*** Block opens ***
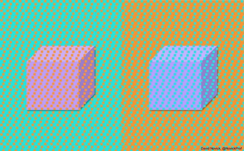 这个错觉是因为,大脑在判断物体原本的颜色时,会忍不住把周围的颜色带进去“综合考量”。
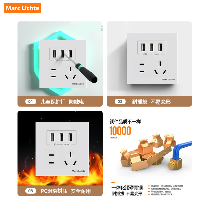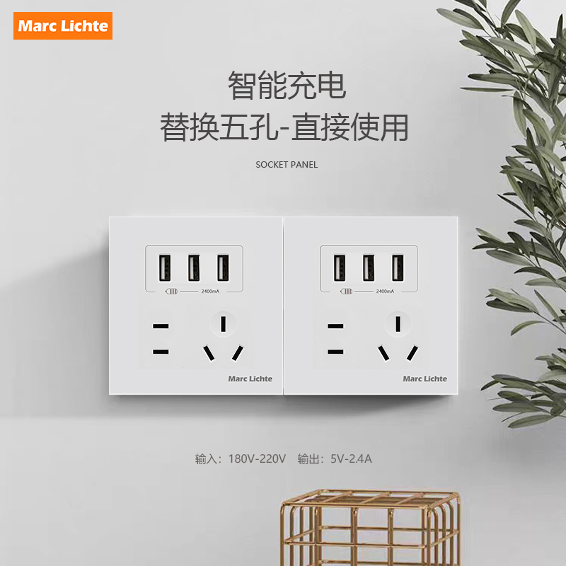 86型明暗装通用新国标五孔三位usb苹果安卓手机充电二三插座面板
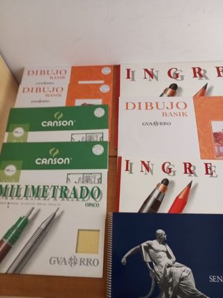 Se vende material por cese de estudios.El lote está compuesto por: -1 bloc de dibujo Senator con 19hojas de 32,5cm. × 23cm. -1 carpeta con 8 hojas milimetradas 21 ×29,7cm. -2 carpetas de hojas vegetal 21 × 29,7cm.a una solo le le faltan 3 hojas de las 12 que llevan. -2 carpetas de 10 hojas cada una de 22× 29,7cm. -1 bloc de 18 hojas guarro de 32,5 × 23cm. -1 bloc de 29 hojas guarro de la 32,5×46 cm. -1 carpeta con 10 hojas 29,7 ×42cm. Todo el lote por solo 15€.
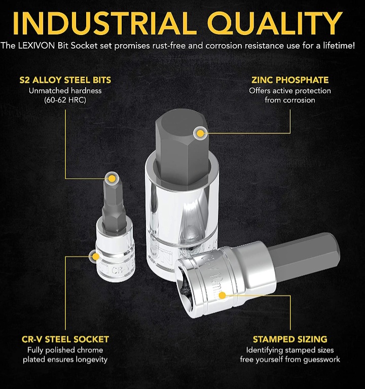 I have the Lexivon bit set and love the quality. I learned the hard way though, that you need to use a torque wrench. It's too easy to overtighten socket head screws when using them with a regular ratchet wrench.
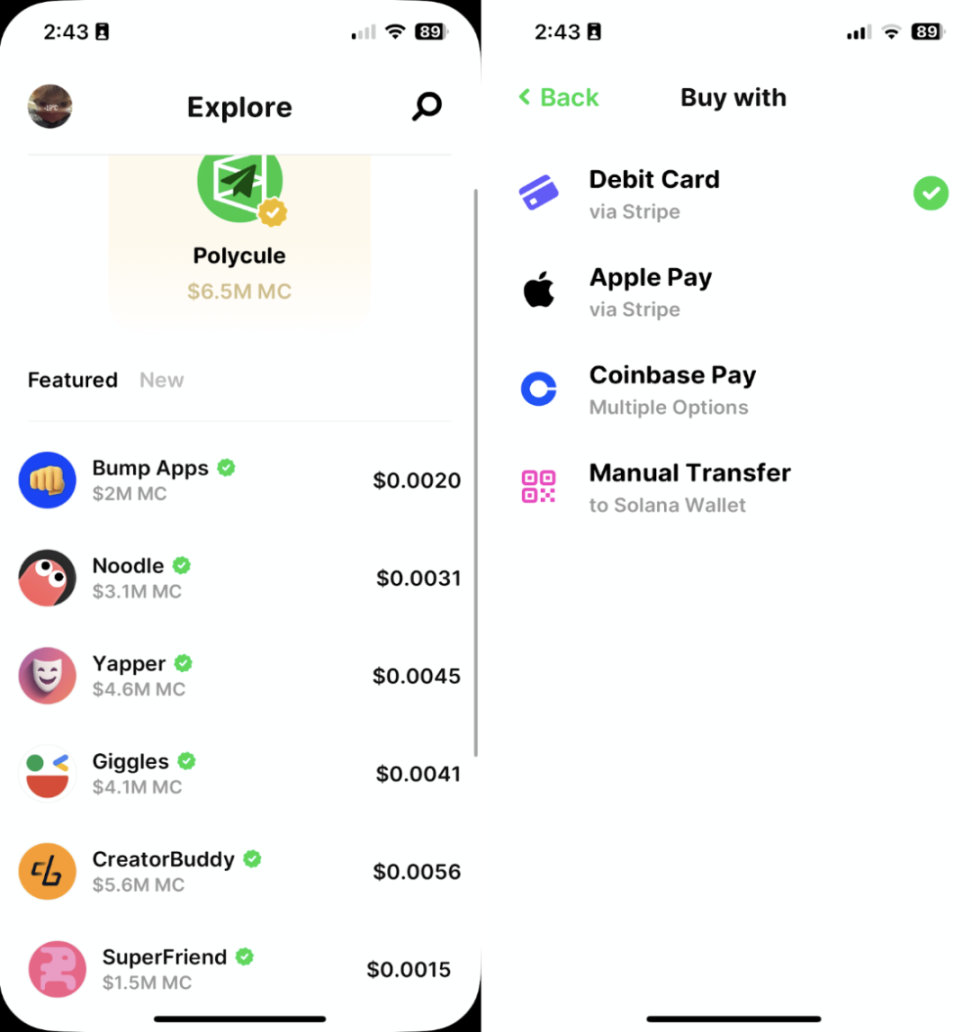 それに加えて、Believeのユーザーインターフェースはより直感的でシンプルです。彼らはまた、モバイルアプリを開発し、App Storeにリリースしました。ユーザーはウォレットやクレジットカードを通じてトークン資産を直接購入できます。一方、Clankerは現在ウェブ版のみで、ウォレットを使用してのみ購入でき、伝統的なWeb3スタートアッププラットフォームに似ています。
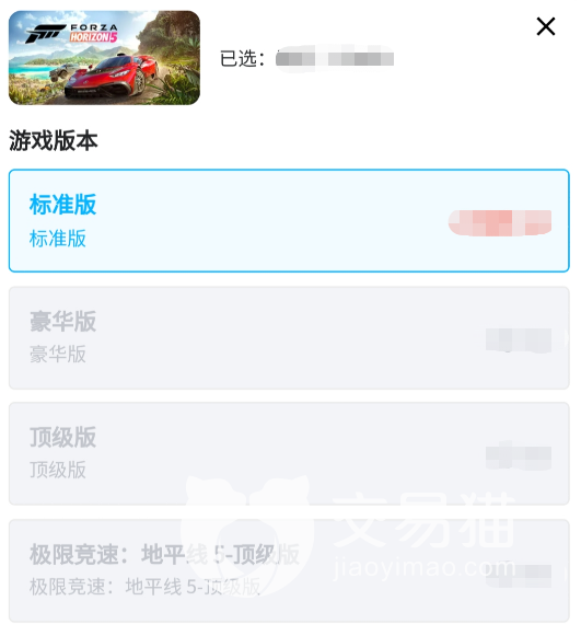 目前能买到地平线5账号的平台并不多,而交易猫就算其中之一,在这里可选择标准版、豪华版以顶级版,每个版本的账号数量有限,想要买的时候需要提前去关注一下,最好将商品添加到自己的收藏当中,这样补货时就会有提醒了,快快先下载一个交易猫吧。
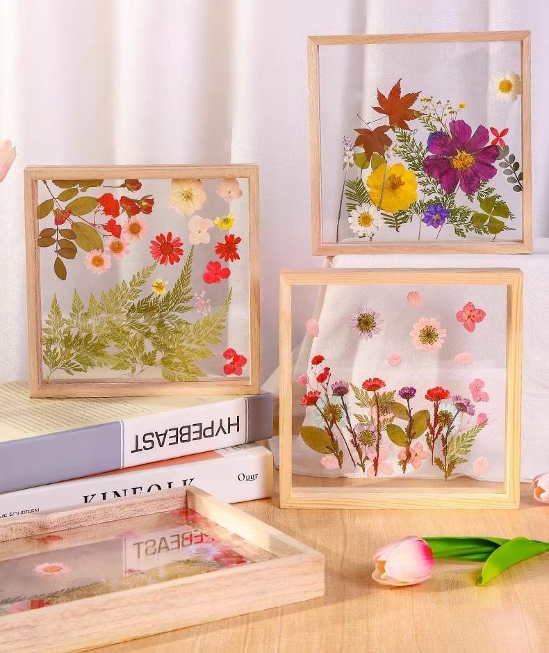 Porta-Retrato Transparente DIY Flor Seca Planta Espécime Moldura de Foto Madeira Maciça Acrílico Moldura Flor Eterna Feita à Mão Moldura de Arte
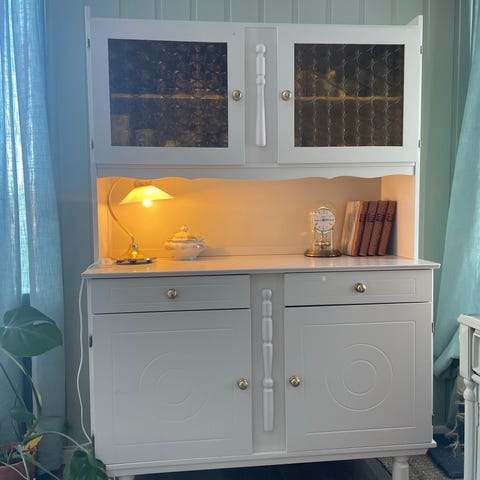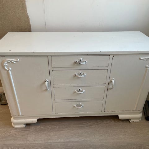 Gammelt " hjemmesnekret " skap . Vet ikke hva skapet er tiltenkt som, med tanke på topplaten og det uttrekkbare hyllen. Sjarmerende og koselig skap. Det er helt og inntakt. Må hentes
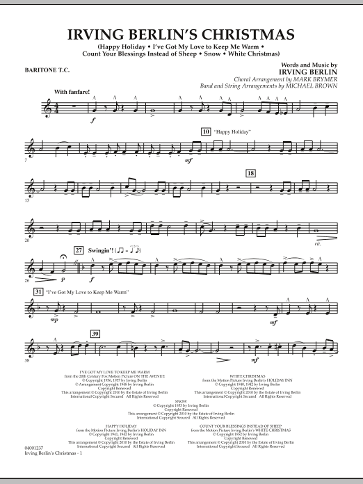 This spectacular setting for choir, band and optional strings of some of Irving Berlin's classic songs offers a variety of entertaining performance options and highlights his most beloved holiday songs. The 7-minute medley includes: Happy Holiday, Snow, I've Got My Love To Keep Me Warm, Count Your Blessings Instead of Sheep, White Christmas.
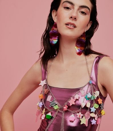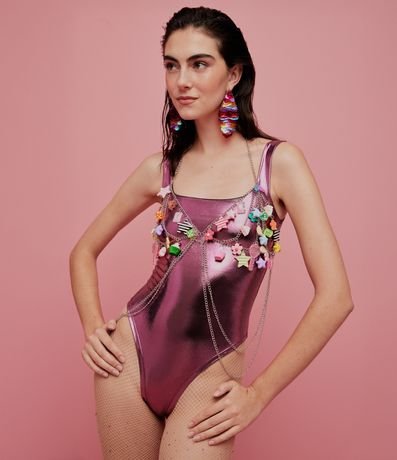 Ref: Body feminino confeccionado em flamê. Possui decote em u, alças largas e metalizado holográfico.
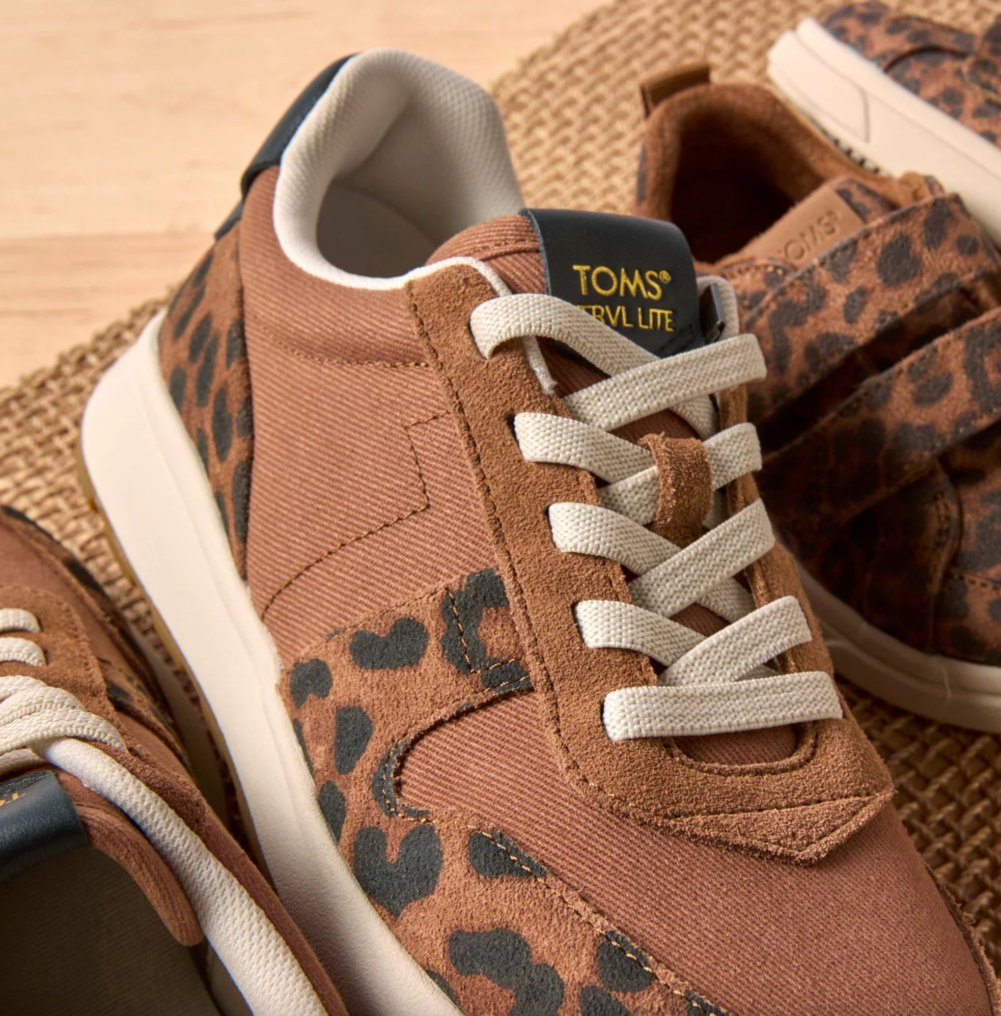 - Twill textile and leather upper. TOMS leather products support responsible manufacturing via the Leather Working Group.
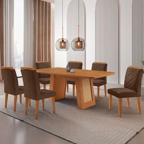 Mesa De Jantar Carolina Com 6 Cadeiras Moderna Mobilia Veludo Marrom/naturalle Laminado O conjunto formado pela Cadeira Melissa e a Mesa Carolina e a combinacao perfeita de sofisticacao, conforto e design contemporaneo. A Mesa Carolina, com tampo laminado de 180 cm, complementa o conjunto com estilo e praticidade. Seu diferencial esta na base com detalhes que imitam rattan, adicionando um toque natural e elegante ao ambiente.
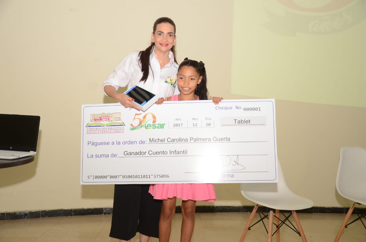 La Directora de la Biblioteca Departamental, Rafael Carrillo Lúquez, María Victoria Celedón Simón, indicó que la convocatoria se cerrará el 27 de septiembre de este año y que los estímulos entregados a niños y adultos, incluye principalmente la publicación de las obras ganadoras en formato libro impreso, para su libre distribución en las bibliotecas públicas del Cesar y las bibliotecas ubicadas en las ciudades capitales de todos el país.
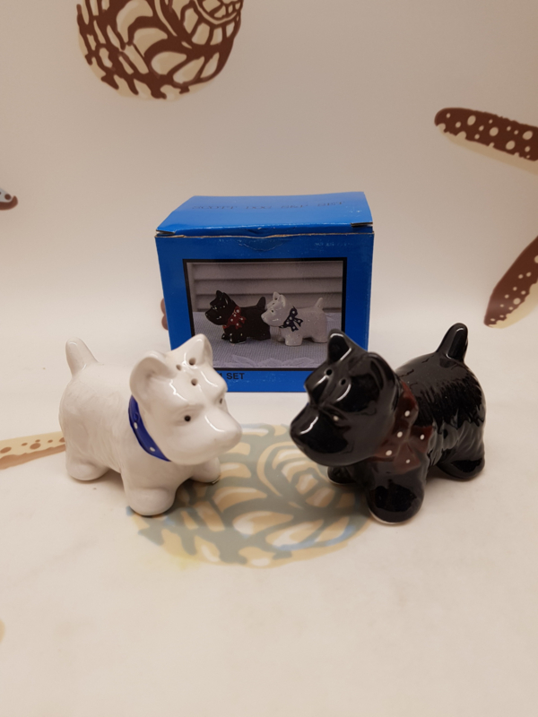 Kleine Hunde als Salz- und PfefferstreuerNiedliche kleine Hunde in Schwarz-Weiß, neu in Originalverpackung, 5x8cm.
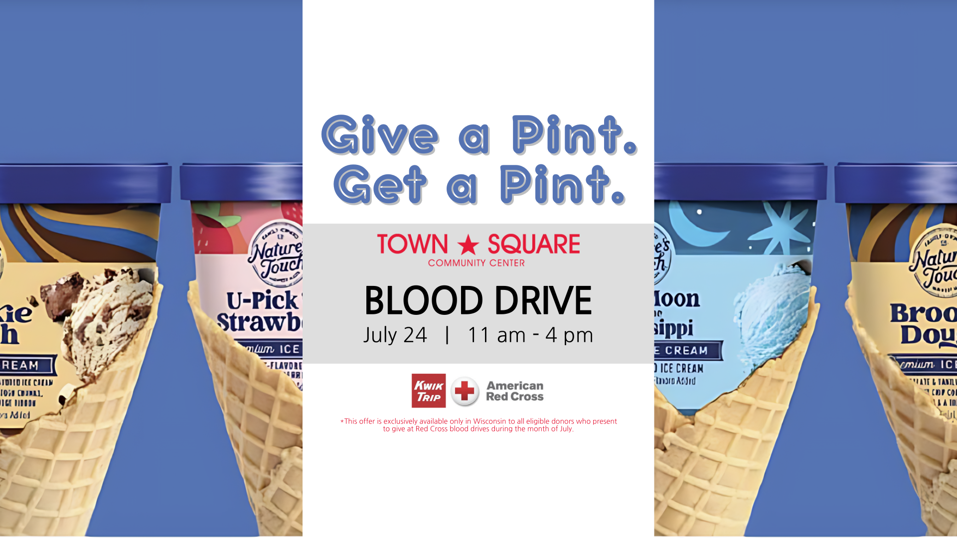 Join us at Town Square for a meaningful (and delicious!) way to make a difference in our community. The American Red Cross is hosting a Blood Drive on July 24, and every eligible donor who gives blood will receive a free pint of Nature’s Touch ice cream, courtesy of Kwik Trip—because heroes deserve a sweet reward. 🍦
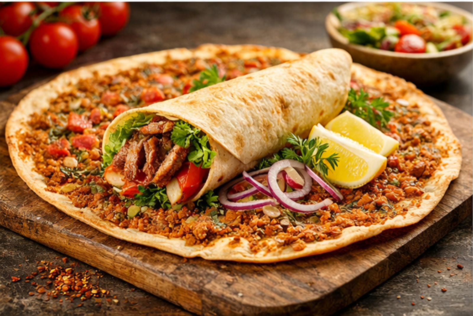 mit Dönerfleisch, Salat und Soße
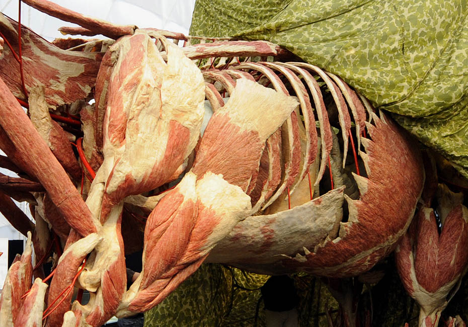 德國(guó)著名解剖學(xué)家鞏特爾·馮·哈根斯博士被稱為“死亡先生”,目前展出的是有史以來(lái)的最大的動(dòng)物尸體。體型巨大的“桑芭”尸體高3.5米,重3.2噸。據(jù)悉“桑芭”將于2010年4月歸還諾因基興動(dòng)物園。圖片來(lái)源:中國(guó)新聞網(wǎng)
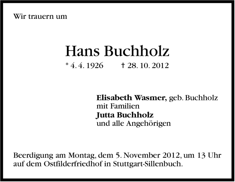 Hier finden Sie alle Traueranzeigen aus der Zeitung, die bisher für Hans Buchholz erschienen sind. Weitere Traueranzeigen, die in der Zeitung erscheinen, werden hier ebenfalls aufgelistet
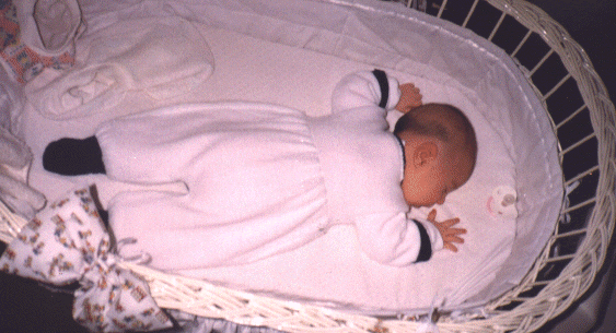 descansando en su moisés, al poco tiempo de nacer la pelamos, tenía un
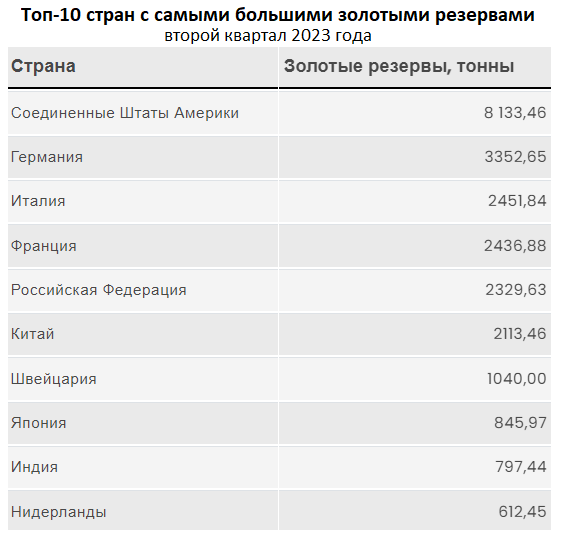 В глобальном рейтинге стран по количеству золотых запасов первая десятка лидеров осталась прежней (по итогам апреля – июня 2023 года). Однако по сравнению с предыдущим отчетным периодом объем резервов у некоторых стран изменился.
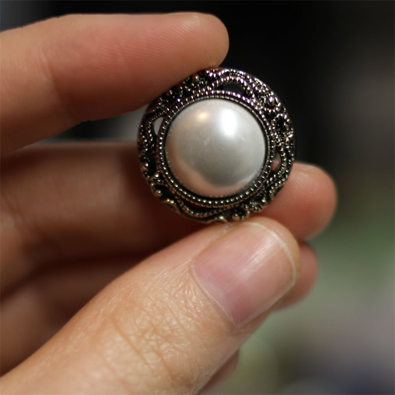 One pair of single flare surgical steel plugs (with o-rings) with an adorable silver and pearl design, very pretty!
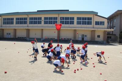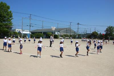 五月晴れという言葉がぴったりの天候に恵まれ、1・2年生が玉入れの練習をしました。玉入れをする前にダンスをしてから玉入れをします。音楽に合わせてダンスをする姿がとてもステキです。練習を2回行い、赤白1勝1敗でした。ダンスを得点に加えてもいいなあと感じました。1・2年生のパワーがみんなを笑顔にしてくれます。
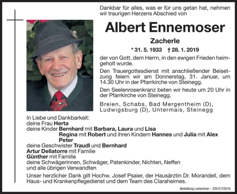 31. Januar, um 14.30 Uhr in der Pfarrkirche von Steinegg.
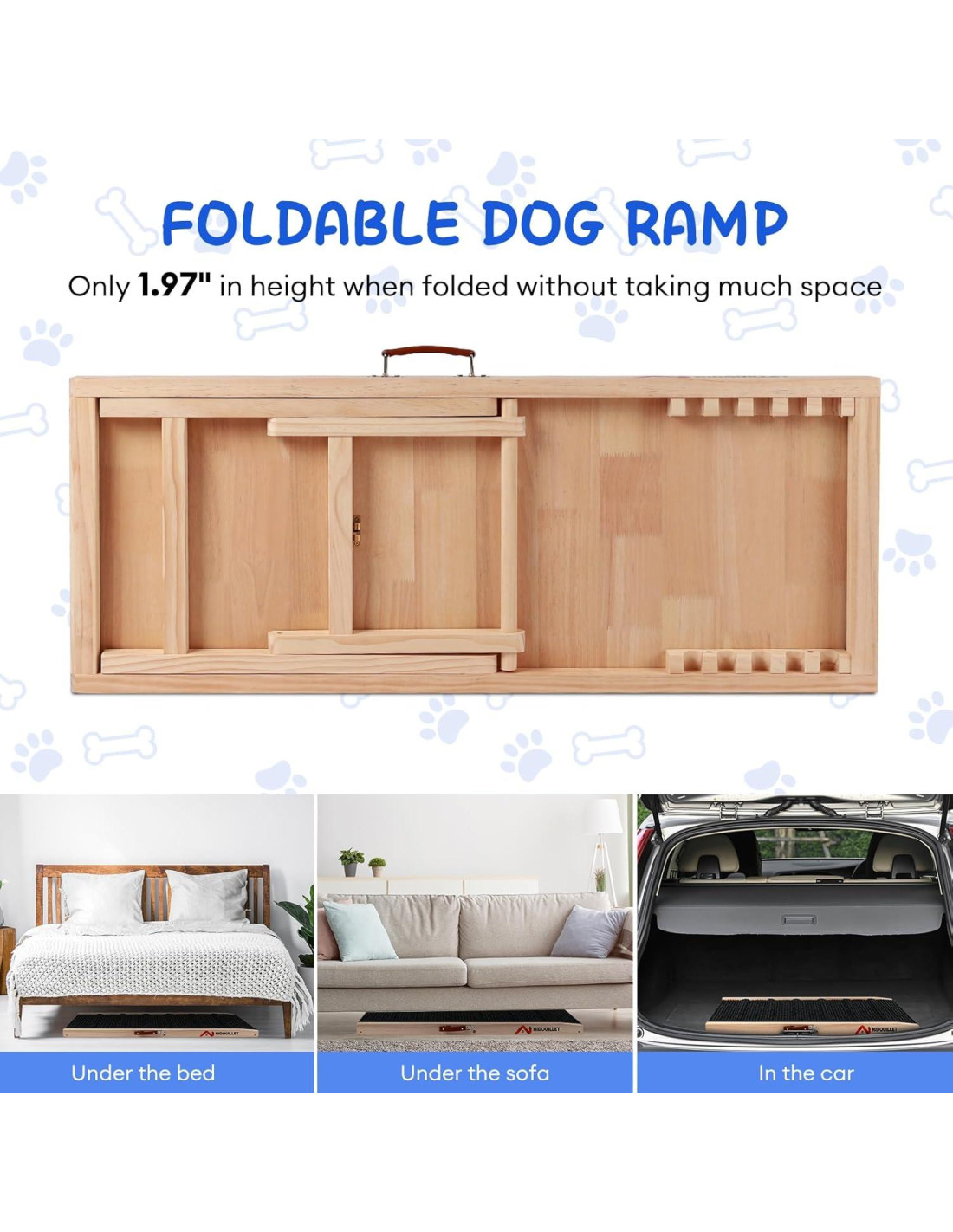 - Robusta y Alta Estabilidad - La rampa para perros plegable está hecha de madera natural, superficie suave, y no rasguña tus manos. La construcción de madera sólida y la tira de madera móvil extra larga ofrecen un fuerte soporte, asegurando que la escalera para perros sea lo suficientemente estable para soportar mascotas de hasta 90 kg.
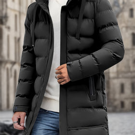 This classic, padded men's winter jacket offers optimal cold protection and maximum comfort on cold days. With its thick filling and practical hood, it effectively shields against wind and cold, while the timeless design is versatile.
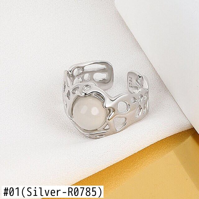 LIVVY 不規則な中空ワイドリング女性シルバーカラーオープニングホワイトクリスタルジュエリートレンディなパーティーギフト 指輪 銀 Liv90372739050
*** Block closes ***
Transcribe exactly the lines above, beginning at the one with "五月晴れという言葉がぴったり" and going up to and including the one with "This classic, padded". Pictures do not belong in the copy.

 五月晴れという言葉がぴったりの天候に恵まれ、1・2年生が玉入れの練習をしました。玉入れをする前にダンスをしてから玉入れをします。音楽に合わせてダンスをする姿がとてもステキです。練習を2回行い、赤白1勝1敗でした。ダンスを得点に加えてもいいなあと感じました。1・2年生のパワーがみんなを笑顔にしてくれます。
 31. Januar, um 14.30 Uhr in der Pfarrkirche von Steinegg.
 - Robusta y Alta Estabilidad - La rampa para perros plegable está hecha de madera natural, superficie suave, y no rasguña tus manos. La construcción de madera sólida y la tira de madera móvil extra larga ofrecen un fuerte soporte, asegurando que la escalera para perros sea lo suficientemente estable para soportar mascotas de hasta 90 kg.
 This classic, padded men's winter jacket offers optimal cold protection and maximum comfort on cold days. With its thick filling and practical hood, it effectively shields against wind and cold, while the timeless design is versatile.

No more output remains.